Michel-Ange, étonné, le regarda, et s’excusa aussitôt, avec une grande courtoisie :
— Pardonnez, messer Francesco ; en vérité, je ne vous avais pas remarqué, parce que je n’avais d’yeux que pour la marquise.
Cependant Vittoria, après une petite pause, commença, avec un art qu’on ne pouvait assez vanter, à parler de mille choses, d’une façon adroite et discrète, sans toucher à la peinture. On eût dit quelqu’un qui assiège une ville forte, avec peine et avec art ; et Michel-Ange avait l’air d’un assiégé vigilant et défiant, qui met ici des postes, qui lève là les ponts, qui place ailleurs des mines, et qui tient la garnison en éveil aux portes et sur les murs. Mais enfin, la marquise l’emporta. Et vraiment, personne n’aurait pu se défendre d’elle.

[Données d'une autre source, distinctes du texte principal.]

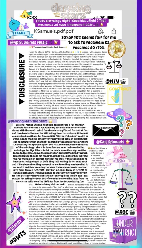 When dealing with the world of metaphysics and people thinking everything‘s OK in the angel world , If I was going to do something to help other people and wanted to be friends with you, you know I wouldn’t be sharing this idea with Kari if I didn’t love and care about her as a person I’m not trying to create drama for her business, But I am trying to have the same fair right as other people I just have a disability and she doesn’t and then all of these fairy people out in the new AG world ended up financially benefiting from business contracts because they have Zendesk accounts or they have an email that they advertise or they make the zoom call meeting and then they go into a contract and then I’m not a part of that and then I’m obsolete and then again like I come up with another great idea and then someone steals it I thought of some really cool ideas to make some cute astrology shirts about over a year ago and then enchanted guy came out like about a year in six months ago and I said someone’s gonna take my creative idea and I knew it was gonna be Carrie was gonna be interested in doing the same thing I did I don’t know how She came up with those ideas to make astrology shirts, but I know that I thought of them a year and six months ago, but I can’t get any compensation for that cause she made the business and made up the designs for them. I thought about doing that and tried to come up with some cool ideas, but basically those ideas that I have are now being things that some of the ideas that I had in the past like I can’t make money from other people stealing my creative ideas. It’s just not fair that they are making financial profit and driving around an SUV is going to like nice wonderful you know I don’t I don’t have the privilege of being able to go to Fiji island for or Mexico for the winter for like six freaking days or something once a year like I can’t even afford that and so it’s sad I could go on JetBlue somewhere if I had extra money in my account, but I don’t because people keep taking my creative ideas and then dang it to go on the vacation and drink their little tropical drinks with their little freaking umbrellas in them or go on their Disney cruisers or they get to go make more money off of a book that they can publish because they have money to publish their book with we and I don’t have zero in my account after I pay my bills so I would appreciate it if somebody could please get back to me with some truthful and honest information as to whether or not Mrs. KARISAMUELS has share the ideas with the DWTS on ABC before January 1 of 2026 !

— Allons, — dit-elle, — il faut bien reconnaître qu’on est toujours vaincu, quand on attaque Michel-Ange avec ses propres armes, c’est-à-dire avec la ruse. Il faudra, messer Lattanzio, que nous parlions avec lui de procès, de brefs du pape, ou bien… de peinture, si nous voulons le réduire au silence, et avoir le dernier mot.
Ce détour ingénieux amène la conversation sur le terrain de l’art. Vittoria entretient Michel-Ange d’une construction pieuse, qu’elle a le projet d’élever ; et aussitôt Michel-Ange s’offre à examiner l’emplacement, pour ébaucher un plan.